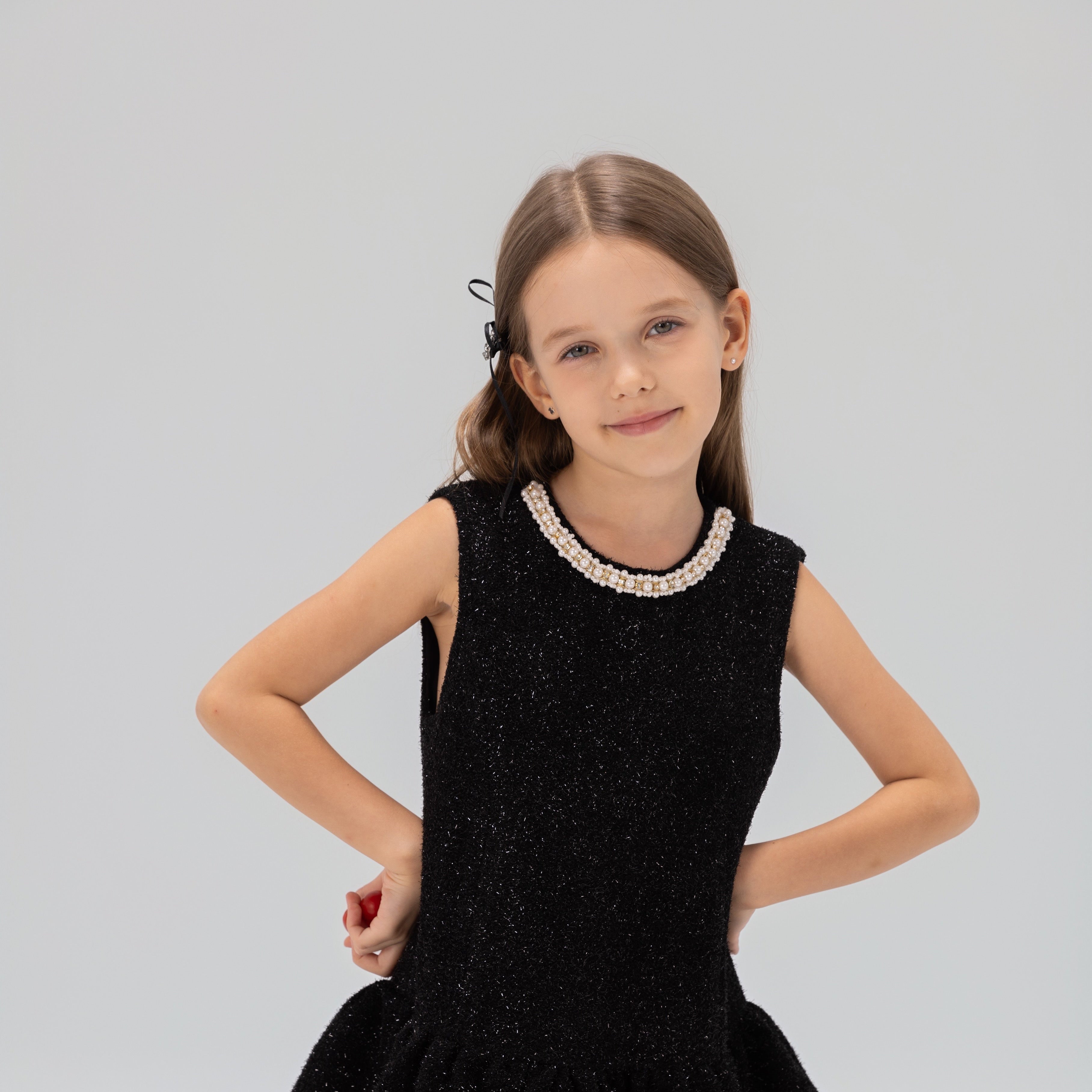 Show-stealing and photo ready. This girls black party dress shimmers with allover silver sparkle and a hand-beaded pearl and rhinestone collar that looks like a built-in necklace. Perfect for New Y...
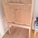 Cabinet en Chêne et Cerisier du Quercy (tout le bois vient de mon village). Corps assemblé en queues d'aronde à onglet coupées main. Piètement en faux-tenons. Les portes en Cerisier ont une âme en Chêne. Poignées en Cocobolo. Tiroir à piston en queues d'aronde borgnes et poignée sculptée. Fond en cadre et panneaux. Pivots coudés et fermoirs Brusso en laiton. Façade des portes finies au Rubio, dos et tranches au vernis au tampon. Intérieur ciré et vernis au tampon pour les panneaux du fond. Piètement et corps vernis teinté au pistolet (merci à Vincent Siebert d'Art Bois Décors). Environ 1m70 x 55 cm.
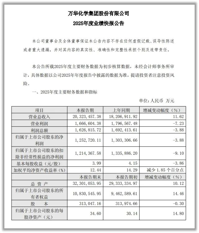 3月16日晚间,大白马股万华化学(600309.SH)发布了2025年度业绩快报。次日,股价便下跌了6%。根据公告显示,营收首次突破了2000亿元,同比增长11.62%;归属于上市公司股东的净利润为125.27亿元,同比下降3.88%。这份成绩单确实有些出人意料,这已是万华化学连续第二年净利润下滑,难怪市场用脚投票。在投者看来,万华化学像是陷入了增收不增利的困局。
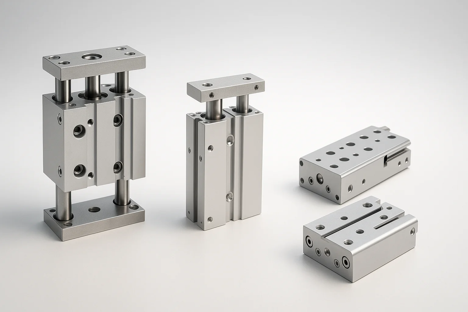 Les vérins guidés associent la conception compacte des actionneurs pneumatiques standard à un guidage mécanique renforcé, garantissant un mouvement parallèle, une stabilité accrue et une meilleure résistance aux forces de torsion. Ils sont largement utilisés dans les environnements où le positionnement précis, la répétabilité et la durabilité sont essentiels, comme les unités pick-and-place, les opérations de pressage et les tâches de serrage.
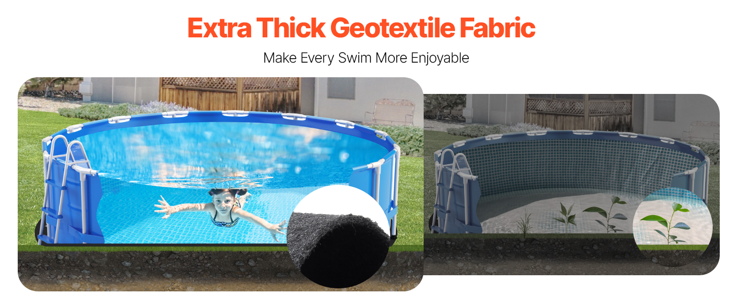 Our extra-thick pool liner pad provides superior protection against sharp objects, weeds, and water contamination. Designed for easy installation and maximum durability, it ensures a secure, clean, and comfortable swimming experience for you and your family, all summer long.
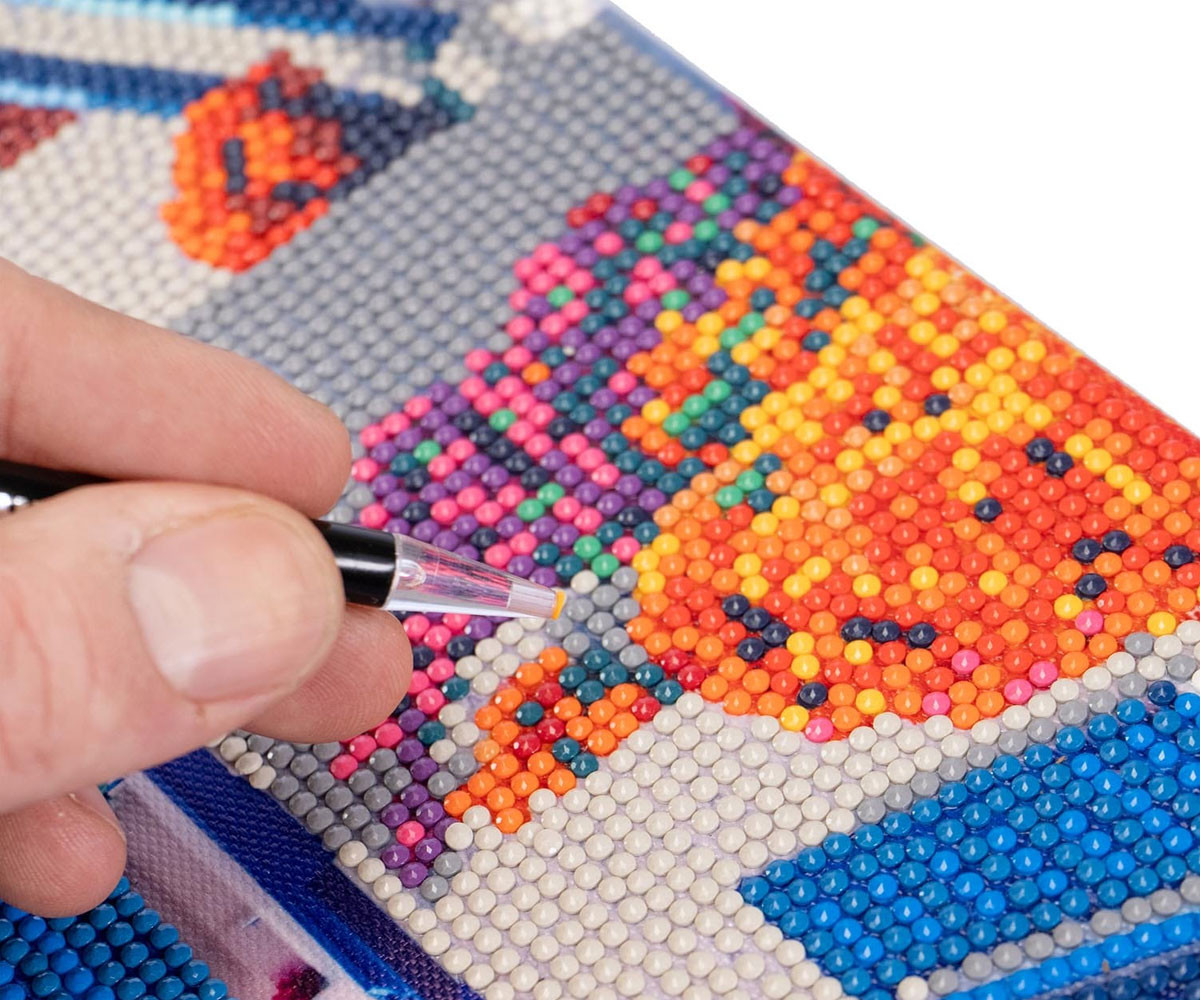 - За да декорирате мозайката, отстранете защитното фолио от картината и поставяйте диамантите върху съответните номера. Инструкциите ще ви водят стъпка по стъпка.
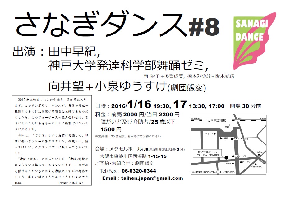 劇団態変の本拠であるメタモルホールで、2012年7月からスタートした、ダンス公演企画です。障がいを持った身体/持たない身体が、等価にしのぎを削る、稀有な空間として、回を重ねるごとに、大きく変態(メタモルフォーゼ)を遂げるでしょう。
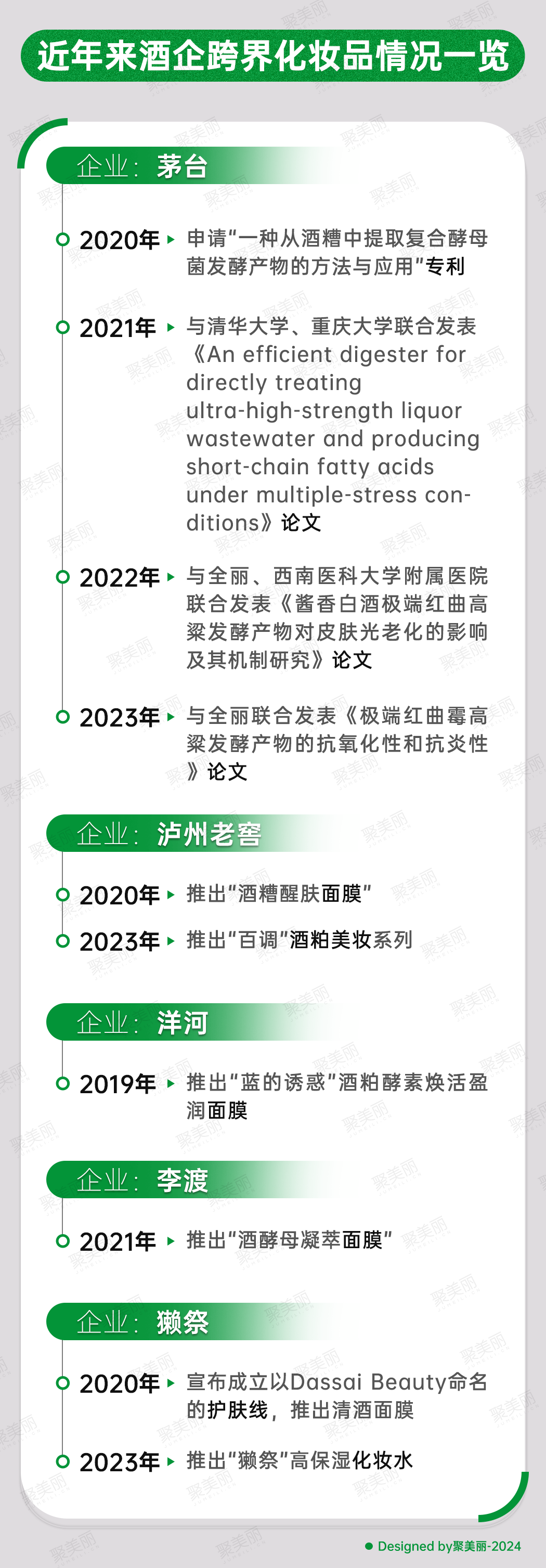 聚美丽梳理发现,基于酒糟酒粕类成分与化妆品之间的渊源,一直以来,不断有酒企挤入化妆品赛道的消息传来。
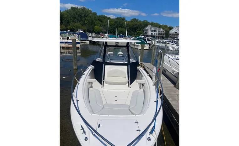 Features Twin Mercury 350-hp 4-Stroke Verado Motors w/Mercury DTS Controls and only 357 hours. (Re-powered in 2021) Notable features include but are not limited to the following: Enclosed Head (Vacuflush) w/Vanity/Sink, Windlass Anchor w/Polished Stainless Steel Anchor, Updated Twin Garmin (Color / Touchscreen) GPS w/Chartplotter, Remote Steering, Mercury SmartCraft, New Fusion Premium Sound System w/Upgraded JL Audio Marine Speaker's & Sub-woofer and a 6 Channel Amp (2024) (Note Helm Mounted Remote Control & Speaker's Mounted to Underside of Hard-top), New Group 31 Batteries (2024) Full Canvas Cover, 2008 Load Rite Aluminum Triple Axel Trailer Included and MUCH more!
________________
*WORK TASK*: From the data above, retype only the lines starting with the line with "- За да декорирате" and going on through the line with "聚美丽梳理发现,基于酒糟酒粕", exactly, leaving out the pictures.

*WRITTEN SOLUTION*:
 - За да декорирате мозайката, отстранете защитното фолио от картината и поставяйте диамантите върху съответните номера. Инструкциите ще ви водят стъпка по стъпка.
 劇団態変の本拠であるメタモルホールで、2012年7月からスタートした、ダンス公演企画です。障がいを持った身体/持たない身体が、等価にしのぎを削る、稀有な空間として、回を重ねるごとに、大きく変態(メタモルフォーゼ)を遂げるでしょう。
 聚美丽梳理发现,基于酒糟酒粕类成分与化妆品之间的渊源,一直以来,不断有酒企挤入化妆品赛道的消息传来。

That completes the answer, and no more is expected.